- Court: Supreme Court of Illinois
- Full case name: The People of the State of Illinois, Appellant, v. Francis Unger, Appellee.
- Decided: April 5, 1977
- Citations: 362 N.E. 2d 319; 66 Ill. 2d 333

Court membership
- Judges sitting: Robert C. Underwood, Daniel P. Ward, Howard C. Ryan, Joseph H. Goldenhersh, William G. Clark, James A. Dooley, Thomas J. Moran

Case opinions
- Decision by: Ryan
- Concurrence: Ward, Goldenhersh, Clark, Dooley, Moran
- Dissent: Underwood

Keywords
- Defense of necessity; Duress;

= People v. Unger =

People v. Unger, Supreme Court of Illinois, 362 N.E. 2d 319 (1977), is a criminal case that distinguished between necessity and duress. Unger escaped from prison under a claim of threat of physical and sexual violence, was recaptured, and was not allowed to use a defense of necessity or defense of duress at trial.
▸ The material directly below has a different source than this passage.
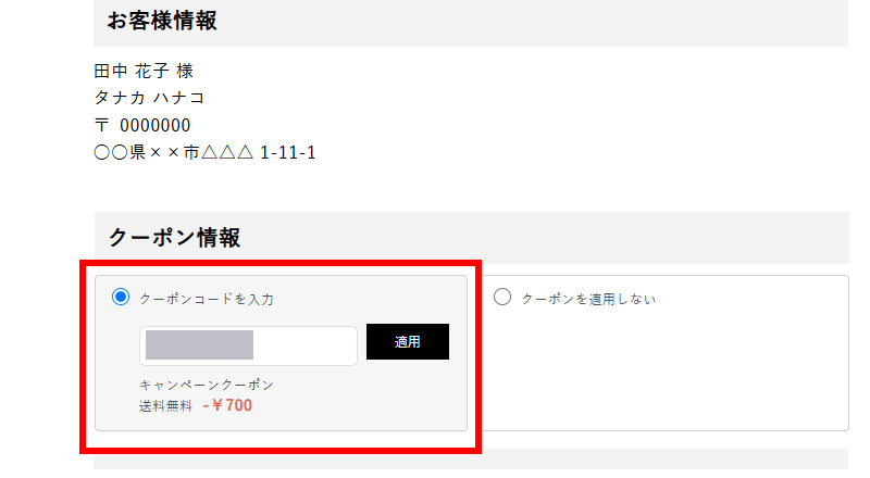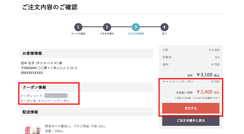 初回購入限定「コード名」を使用してのご購入手続が完了となります。

The Supreme Court of Illinois held that the case should be analyzed under the necessity defense, as the defendant was not coerced by threats of physical violence to escape, but was allegedly forced to choose between the lesser of two evils, and chose to escape. The trial court's refusal to give instructions on the necessity defense to the jury was held to improper, as the defendant alleged circumstances and provided evidence that, if believed by a jury, could support a finding of necessity.